** Opening Source material block **

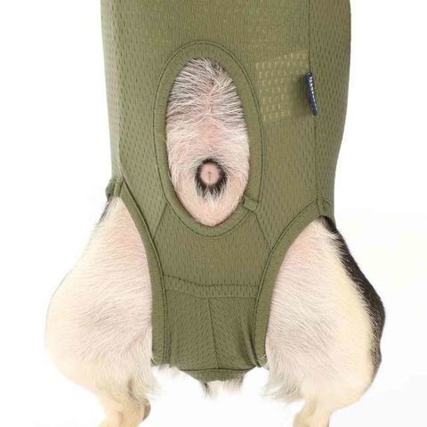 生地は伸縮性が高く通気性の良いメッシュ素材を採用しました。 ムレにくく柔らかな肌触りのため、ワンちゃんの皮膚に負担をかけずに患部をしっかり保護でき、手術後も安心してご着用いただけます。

** Closing Source material block **
** Opening Source material block **

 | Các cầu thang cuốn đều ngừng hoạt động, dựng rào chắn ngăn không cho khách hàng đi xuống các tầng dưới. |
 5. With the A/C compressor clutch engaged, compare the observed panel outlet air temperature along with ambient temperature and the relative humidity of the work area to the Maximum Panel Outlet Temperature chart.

** Closing Source material block **

Within the listing above, the range opens at the line with "tầng dưới. |" and closes at the line with "5. With the". Reproduce exactly the lines of that range, including both ends.

Solution below>
 | Các cầu thang cuốn đều ngừng hoạt động, dựng rào chắn ngăn không cho khách hàng đi xuống các tầng dưới. |
 5. With the A/C compressor clutch engaged, compare the observed panel outlet air temperature along with ambient temperature and the relative humidity of the work area to the Maximum Panel Outlet Temperature chart.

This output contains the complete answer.